[Opening Data block section]
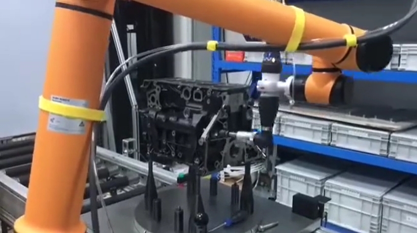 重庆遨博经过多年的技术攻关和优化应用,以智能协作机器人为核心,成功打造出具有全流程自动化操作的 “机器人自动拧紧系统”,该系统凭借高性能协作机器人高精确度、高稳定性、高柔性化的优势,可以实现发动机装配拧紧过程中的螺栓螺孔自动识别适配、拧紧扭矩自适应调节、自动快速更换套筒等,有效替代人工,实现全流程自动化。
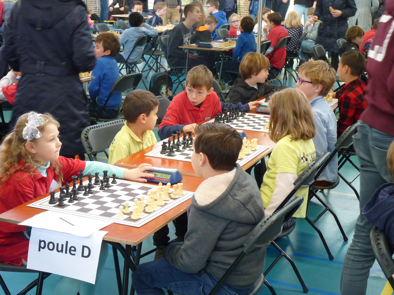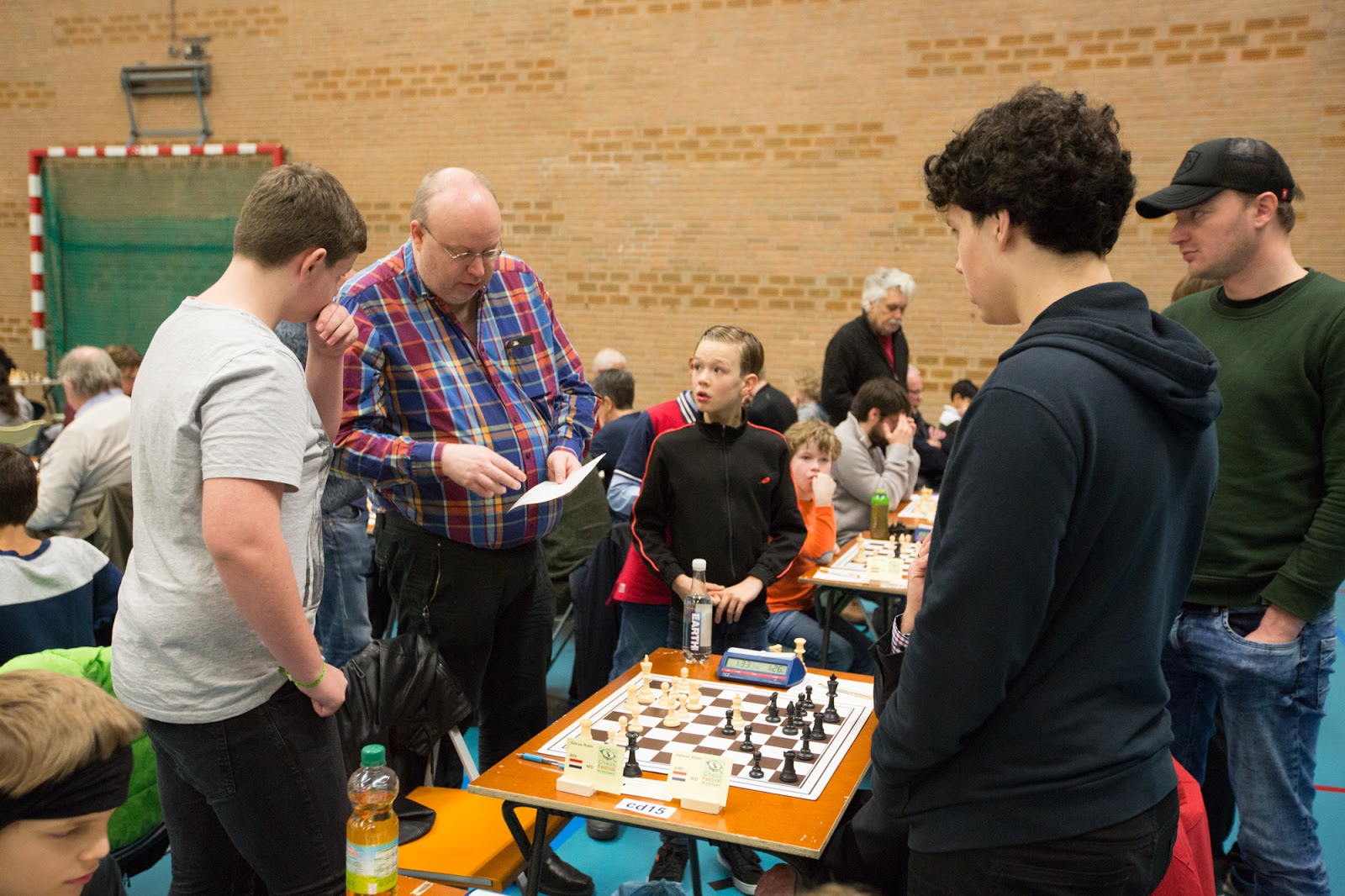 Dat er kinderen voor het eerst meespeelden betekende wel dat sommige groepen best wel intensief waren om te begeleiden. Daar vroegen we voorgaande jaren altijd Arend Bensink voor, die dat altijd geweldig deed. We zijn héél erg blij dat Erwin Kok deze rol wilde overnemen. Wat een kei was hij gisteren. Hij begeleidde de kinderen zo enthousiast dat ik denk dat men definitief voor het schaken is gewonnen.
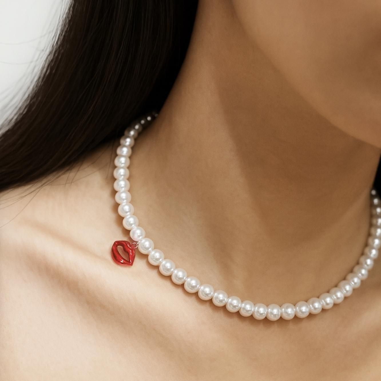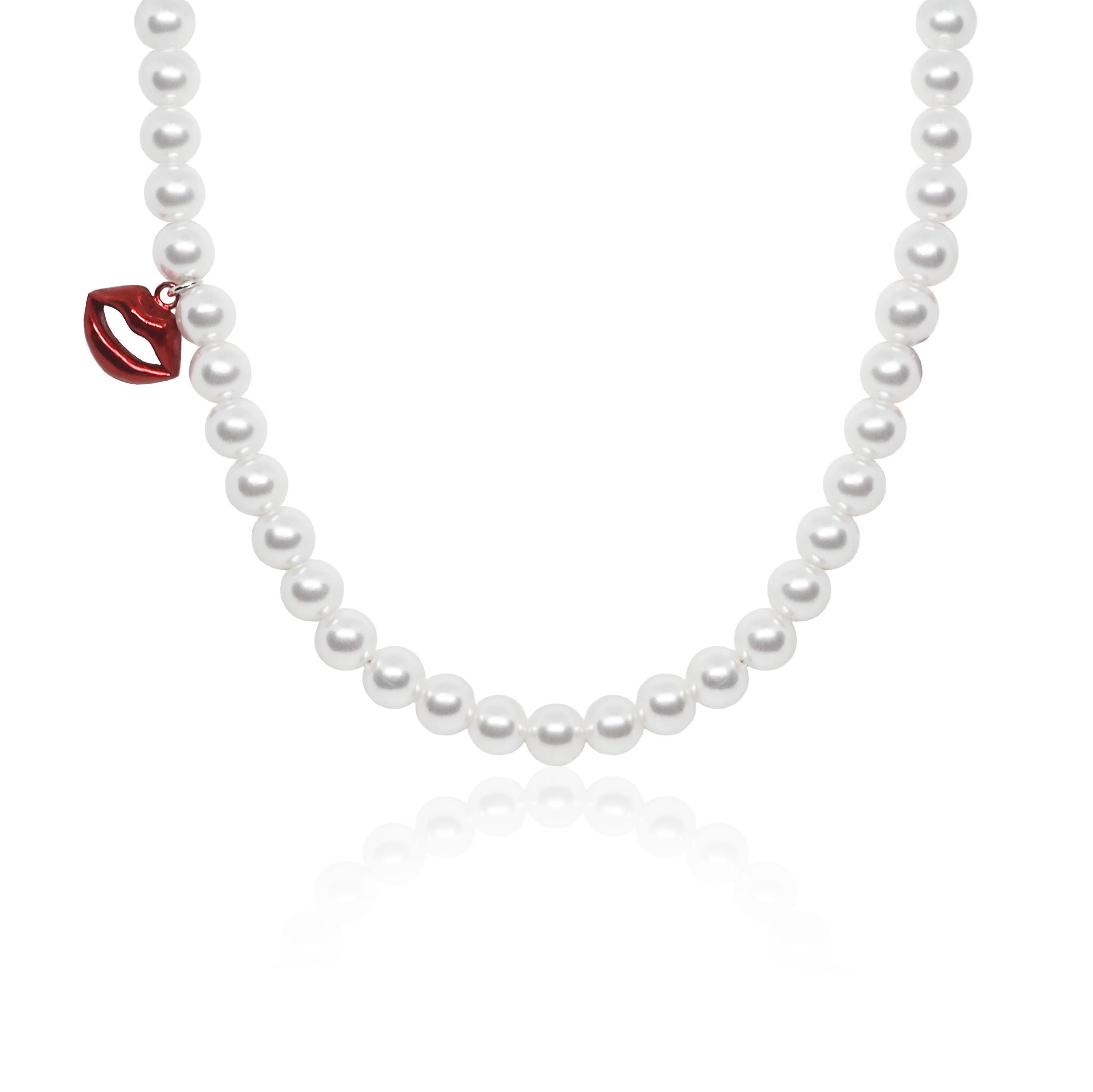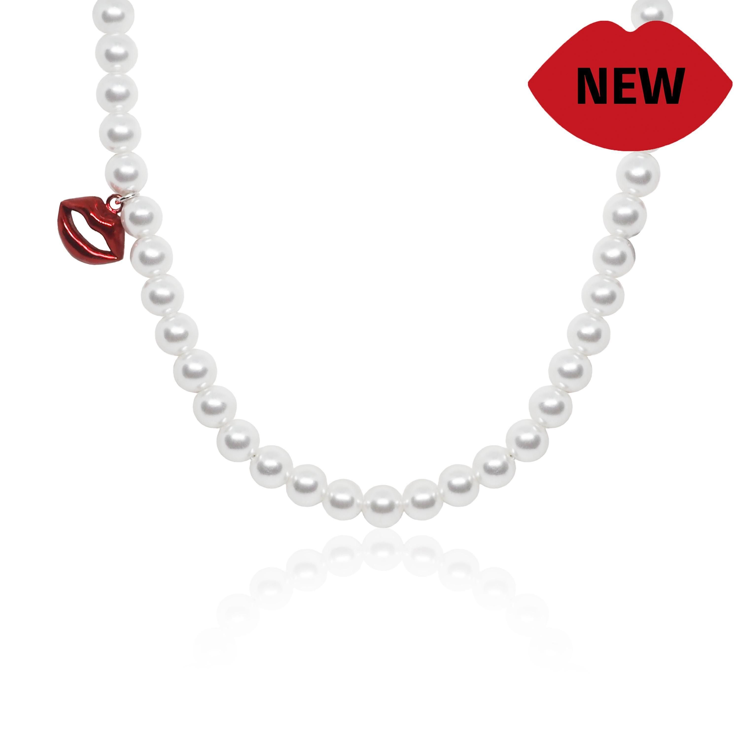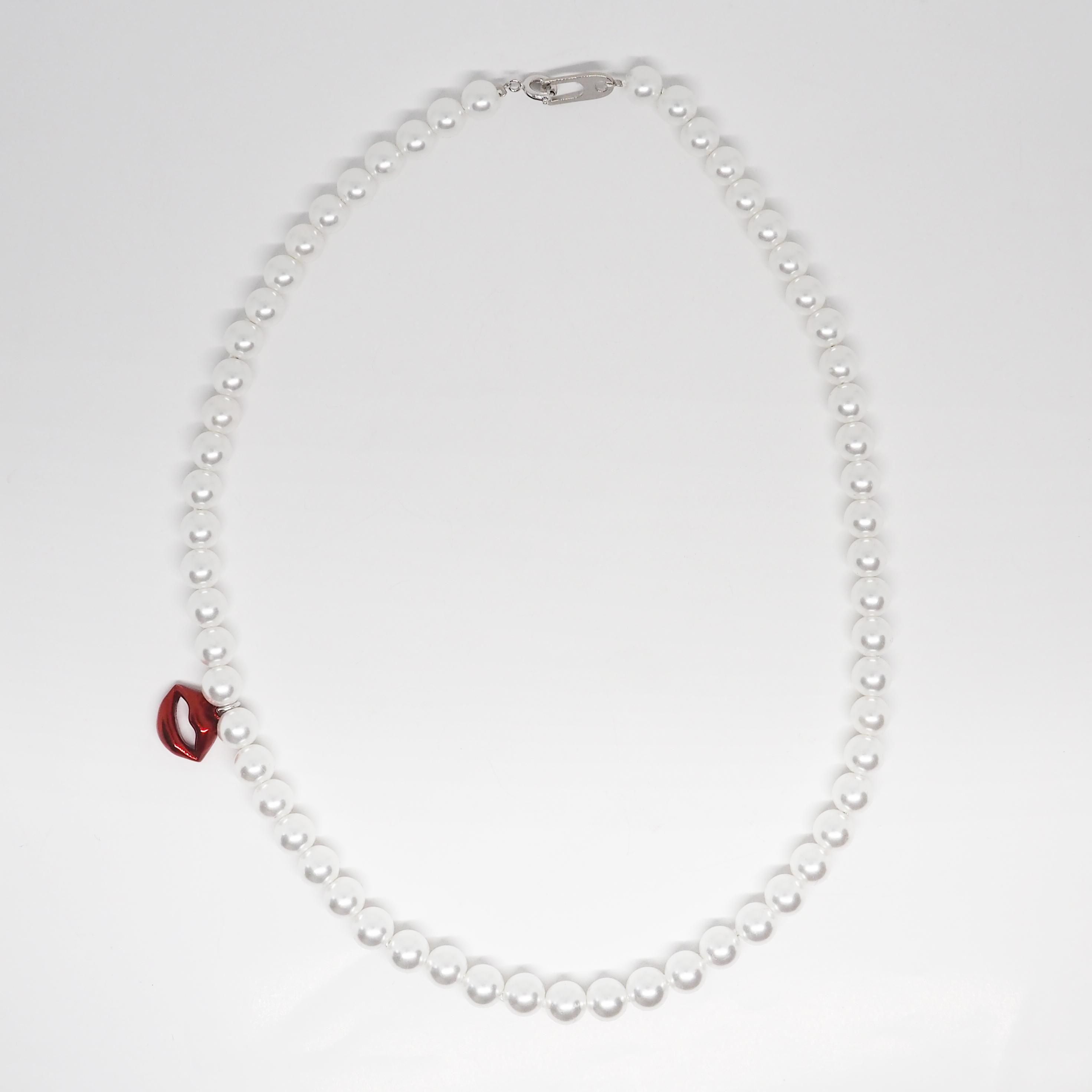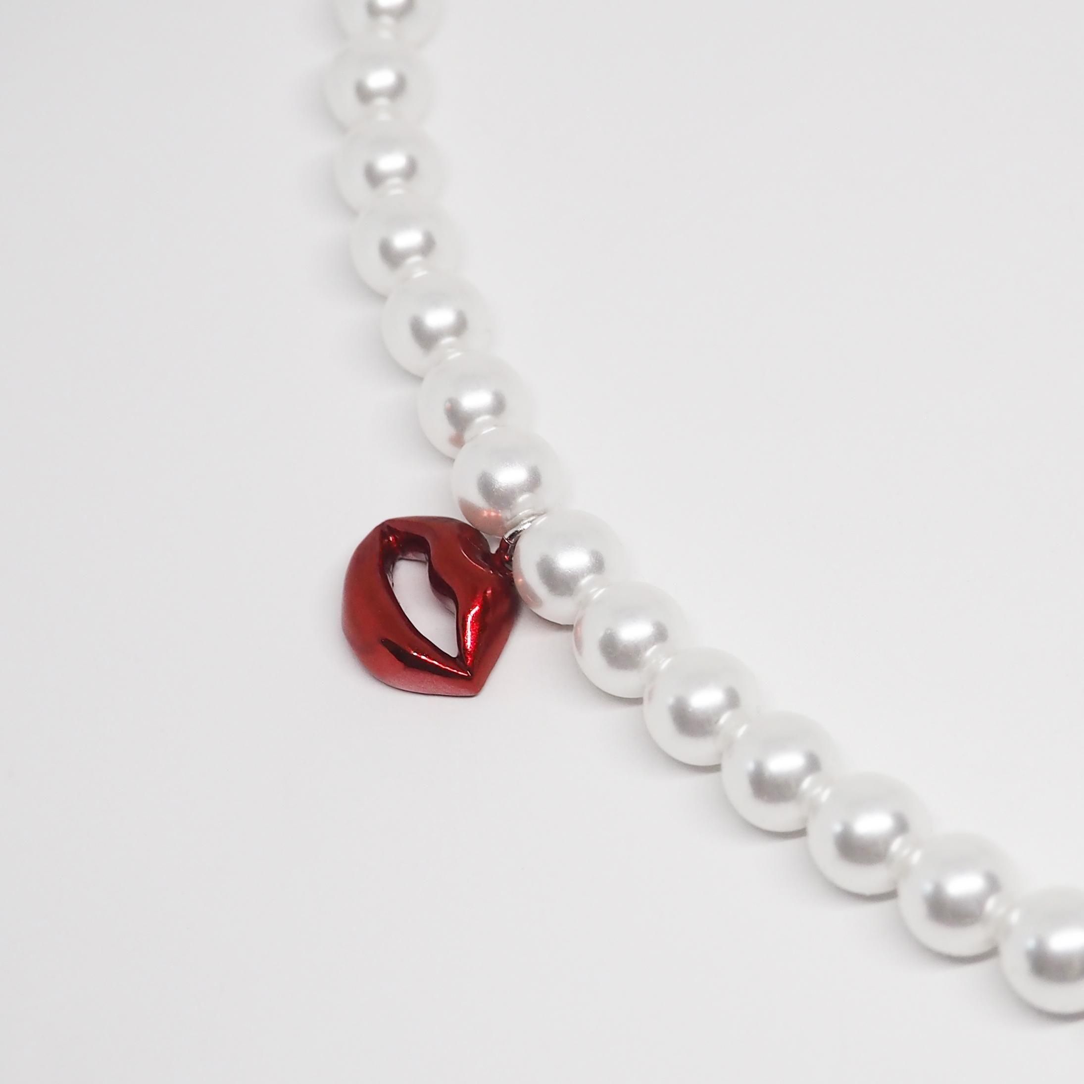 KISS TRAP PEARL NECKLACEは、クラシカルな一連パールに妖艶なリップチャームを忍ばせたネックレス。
[Closing Data block section]
▶ **Task objective**:
When you retype the data above, match every line exactly and leave the pictures behind.

▶ **Output of the exercise**:
 重庆遨博经过多年的技术攻关和优化应用,以智能协作机器人为核心,成功打造出具有全流程自动化操作的 “机器人自动拧紧系统”,该系统凭借高性能协作机器人高精确度、高稳定性、高柔性化的优势,可以实现发动机装配拧紧过程中的螺栓螺孔自动识别适配、拧紧扭矩自适应调节、自动快速更换套筒等,有效替代人工,实现全流程自动化。
 Dat er kinderen voor het eerst meespeelden betekende wel dat sommige groepen best wel intensief waren om te begeleiden. Daar vroegen we voorgaande jaren altijd Arend Bensink voor, die dat altijd geweldig deed. We zijn héél erg blij dat Erwin Kok deze rol wilde overnemen. Wat een kei was hij gisteren. Hij begeleidde de kinderen zo enthousiast dat ik denk dat men definitief voor het schaken is gewonnen.
 KISS TRAP PEARL NECKLACEは、クラシカルな一連パールに妖艶なリップチャームを忍ばせたネックレス。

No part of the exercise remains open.